Table 3: dynasm-rs RISC-V memory reference formats
Syntax | Explanation |
---|---|
[xn] | An X family register is used as the address to be resolved. |
[xn {, imm } ] | An X family register is used as base with an optional integer offset as the address to be resolved. |
[sp {, imm } ] | The sp register is used as base with an optional integer offset as the address to be resolved. |
[xn {, labelref } ] | The lower 12 bits of a relocation are added to an address in the X family register. See the section on pc-relative instructions for further details. |
§Immediates
The RISC-V instruction set features both signed and unsigned immediate operands. The size of these immediates is often not a clean amount of bytes and thus a larger than the maximum value integer type is needed to pass these arguments. Dynasm-rs expects the type of any dynamic RISC-V immediates to be passed to be u32
for unsigned immediates and i32
for signed immediates, with the exception of the >32bits li
pseudo-instructions which use i64
. These immediates are where possible validated at compile time.
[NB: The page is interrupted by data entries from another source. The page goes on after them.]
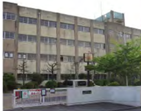
●唐崎小学校 ..... 徒歩11分
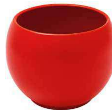
KE6-D150-RO conf. 5 pz pallet 510 pz h mm. 130 - Ø 150 interno h mm. 110 - Ø 125
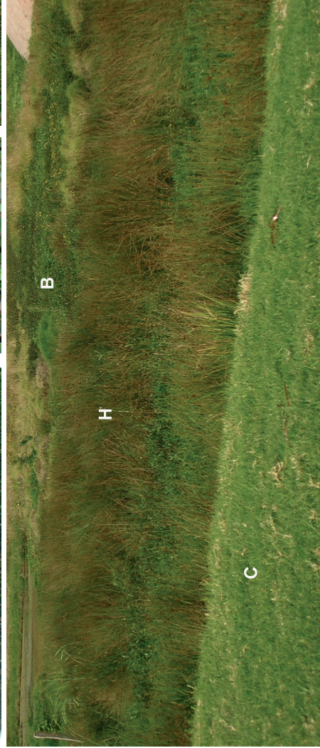
Figura 3. Diferentes comunidades vegetales en el humedal de Jaboque (Bogotá, Colombia).
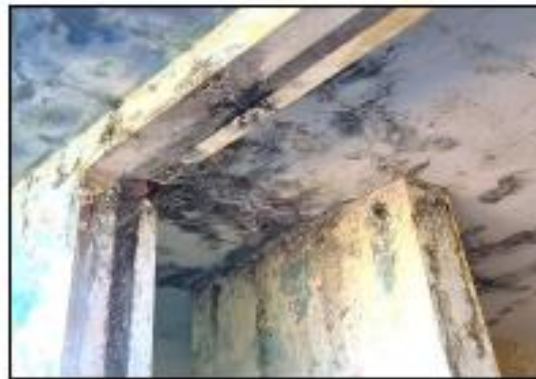
DAÑOS EN HIERRO DE REFUERZO POR SALINIDAD

If an impossible immediate is provided at runtime, this will result in a panic.
Several instructions have additional requirements on any passed immediates. Consult the instruction reference for the exact requirements of each instruction.
§Compressed instructions
The C
extension set for RISC-V defines several compressed instructions that implement a subset of functionality of base RISC-V instructions. These compressed extensions are only 2 bytes long, compared to the 4 bytes length of regular RISC-V instructions. As RISC-V assumes a minimum instruction alignment of only 2 bytes, these instructions can be freely intermixed in the instruction stream.
§Pseudo-Instructions
The RISC-V ISA specifies several pseudo-instructions next to its regular instructions. These are either aliases for another instruction with some preconfigured arguments (like sext.w rd, rs1 = addiw rd, rs1, 0
), or they expand to sequences of several instructions. Alias instructions can be treated just like regular instructions and thus require no special handling, but those that expand to sequences of instructions are of special interest, as dynasm-rs provides guarantees that the length of a sequence of instructions doesn’t change depending on the value of arguments, only the chosen instruction format. The following table lists all multi-instruction non-li
pseudo instructions, as well as what they expand to.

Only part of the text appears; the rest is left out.